It’s too early to tell whether new penalties targeting vape retailers in Queensland will prove effective, an expert says.
“We’re going to have to wait and see. The reality is that we don’t know at this stage,” Robert Taylor – policy and engagement manager at the Alcohol and Drug Foundation – told Government News.
Last week, the Queensland government became the first state or territory to pass penalties to deter retailers from supplying vapes and illicit cigarettes.
Amendments to the Tobacco and Other Smoking Products Act 1998 mean retailers could face up to two years’ jail and fines of up to $1.6 million.
“We make no apologies and will do everything we can to protect Queenslanders, especially kids, from the harms of smoking and vaping,” minister for health Shannon Fentiman said.
While largely supportive of the move, the main concern of the ADF is that vapes remain accessible to those that need them. “Ultimately, we want to make sure that there is a good level of accessibility without encouraging those who wouldn’t otherwise be using them to use them,” Taylor said, adding: “We’re particularly concerned about young people using them.”

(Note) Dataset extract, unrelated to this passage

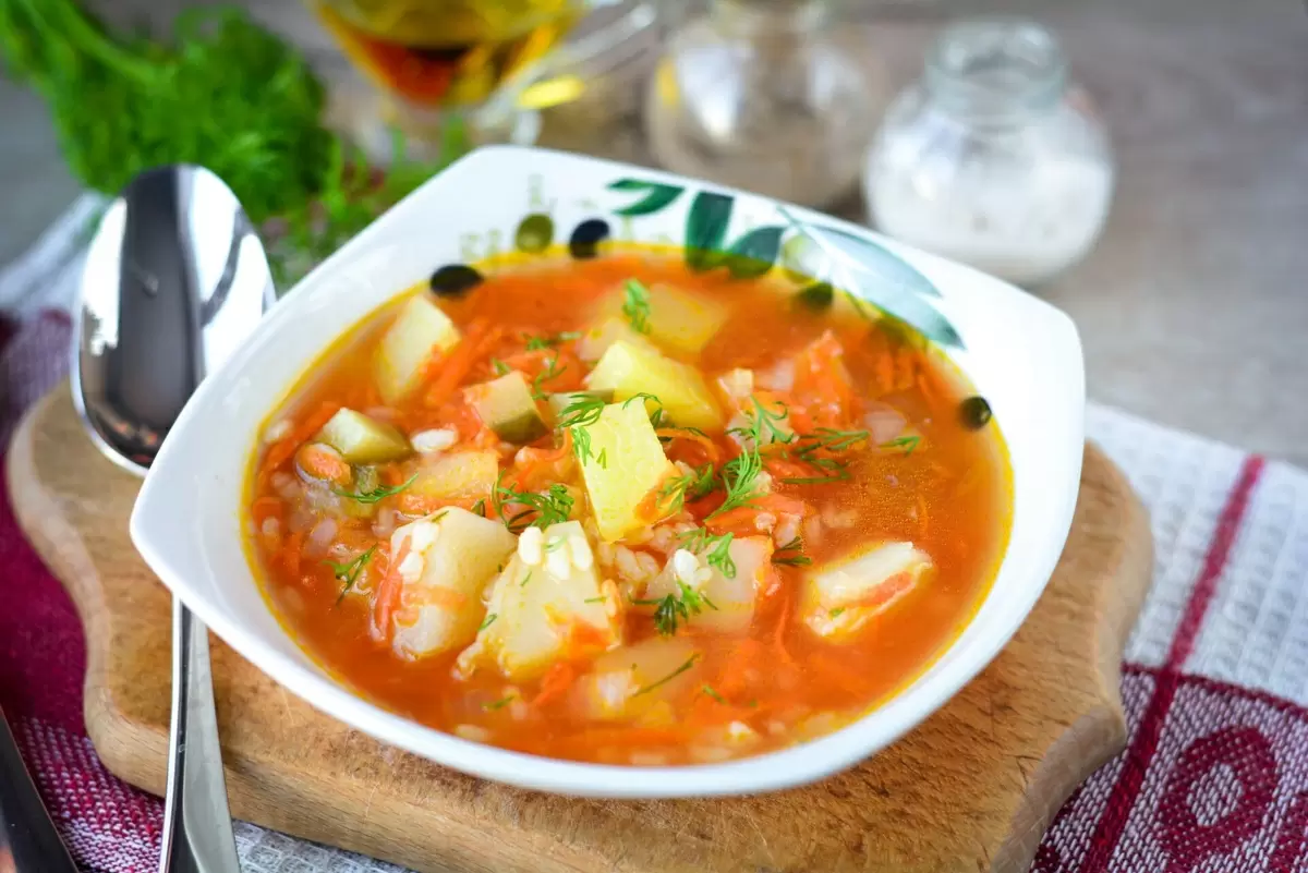 Это блюдо идеально для вторников и четвергов, когда разрешена варёная пища без масла. Рассольник богат на вкус благодаря солёным огурцам и перловке:

And there are reasons to be concerned. An Australian schools survey found that, while the number of students reporting “ever smoking” has decreased over time, a significantly higher proportion of students reported “ever vaping” in 2022/23 compared to 2014 and 2017 (30% vs 13% and 14%).

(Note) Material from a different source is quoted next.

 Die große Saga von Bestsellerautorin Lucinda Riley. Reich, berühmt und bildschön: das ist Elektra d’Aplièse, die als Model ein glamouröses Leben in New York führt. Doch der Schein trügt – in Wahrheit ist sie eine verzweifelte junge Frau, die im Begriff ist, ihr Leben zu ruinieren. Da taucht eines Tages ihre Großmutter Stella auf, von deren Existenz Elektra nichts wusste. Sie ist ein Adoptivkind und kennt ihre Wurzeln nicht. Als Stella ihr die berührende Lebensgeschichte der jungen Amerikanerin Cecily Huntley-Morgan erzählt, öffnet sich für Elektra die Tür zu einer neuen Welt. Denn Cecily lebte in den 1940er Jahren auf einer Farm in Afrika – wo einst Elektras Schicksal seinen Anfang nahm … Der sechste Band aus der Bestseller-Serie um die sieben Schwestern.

The prevalence of students “ever smoking and vaping” in 2022/23 (12%) was also significantly higher than 2014 and 2017 (both 8%).
Following federal government legislation outlawing the retail sale of vapes earlier this year, all states and territories will be required to take Queensland’s lead and introduce similar penalties.
While unsure of the effectiveness of such laws, when it comes to harm-reduction policy, Taylor said: “It’s got to be a whole of government approach and it’s got to be health-based.”
He told GN punitive approaches to drug use, including nicotine use, are ineffective. “They don’t deter people and they don’t effectively resolve the underlying health concerns that may be related to alcohol or other drug use, or in this case vaping.”
For a harm-reduction policy to be effective it has to be co-designed, Taylor said. “We know that programs that are designed alongside people who are using them are best. So if it’s designing a program to prevent or reduce young people’s use of vapes, doing that with young people is the most effective thing to do. But whatever it is, it needs to be a health-led response.”